The SQL implementation provides the well-known standard SQL aggregate functions COUNT(*|...), COUNT(DISTINCT ...), SUM(...), AVG(...), MIN(...) and MAX(...) over scalar types/expressions and groupings. In addition, a few important statistical aggregate functions: MEDIAN, QUANTILE, STDDEV, VAR, correlation CORR, COVAR_SAMP and COVAR_POP are available.

extra_statistical_aggregate_functions:
      sys.median '(' scalar_expr ')'
    | sys.median_avg '(' scalar_expr ')'
    | sys.quantile '(' scalar_expr ',' scalar_expr ')'
    | sys.quantile_avg '(' scalar_expr ',' scalar_expr ')'
    | sys.stddev_samp '(' scalar_expr ')'
    | sys.stddev_pop '(' scalar_expr ')'
    | sys.var_samp '(' scalar_expr ')'
    | sys.var_pop '(' scalar_expr ')'
    | sys.corr '(' scalar_expr ',' scalar_expr ')'
    | sys.covar_samp '(' scalar_expr ',' scalar_expr ')'
    | sys.covar_pop '(' scalar_expr ',' scalar_expr ')'

For sys.quantile the percentile argument is a float value between 0.0 and 1.0. sys.median(<expr>) is equivalent to sys.quantile(<expr>, 0.5).

sys.stddev_samp computes the cumulative sample standard deviation and returns the square root of the sample variance. sys.stddev_pop computes the population standard deviation and returns the square root of the population variance.

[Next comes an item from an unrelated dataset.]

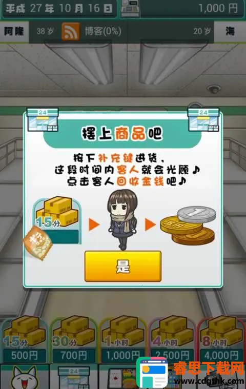 2. 放置玩法轻松休闲:采用放置类游戏特色,玩家能随时随地利用时间碎片,通过补充便利店商品吸引客人光顾,点击客人赚取金钱,玩法简单易上手。

Both functions take as an argument any numeric datatype. Likewise, sys.var_samp and sys.var_pop functions return the sample variance (/n-1) of a set of numbers and the biased variance (/n) of a set of numbers, respectively.

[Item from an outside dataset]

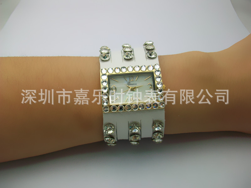新款荔枝纹真皮带钻女士石英手表 厂家供应精美礼品手表 欧美热销

The aggregate functions sys.median_avg and sys.quantile_avg return the interpolated value if the median/quantile doesn't fall exactly on a particular row. These functions always return a value of type DOUBLE and only work for numeric types (various width integers, decimal and floating point).

Examples

create schema aggr_tst;
set schema aggr_tst;
create table tc (c real);
insert into tc values (1), (2), (3), (4), (5), (9);
select * from tc;
select count(*) countstar, COUNT(c) count, COUNT(DISTINCT c) countdistinct
     , SUM(c) sum, AVG(c) average, PROD(c) product
     , MIN(c) minimum, MAX(c) maximum
     , sys.MEDIAN(c) median
     , sys.MEDIAN_AVG(c) median_avg
     , sys.QUANTILE(c, 0.5) quantile
     , sys.QUANTILE_AVG(c, 0.5) quantile_avg
     , sys.STDDEV_SAMP(c) stddev_samp
     , sys.STDDEV_POP(c) stddev_pop
     , sys.VAR_SAMP(c) var_samp
     , sys.VAR_POP(c) var_pop
     , sys.CORR(c, c+1) corr
     , sys.COVAR_SAMP(c, c*2) covar_samp
     , sys.COVAR_POP(c, c*2) covar_pop
 from tc;
drop table tc;
set schema sys;
drop schema aggr_tst;

Tip: To view all the available aggregate functions in your MonetDB server use query:

SELECT * FROM sys.functions WHERE type = 3 ORDER BY name;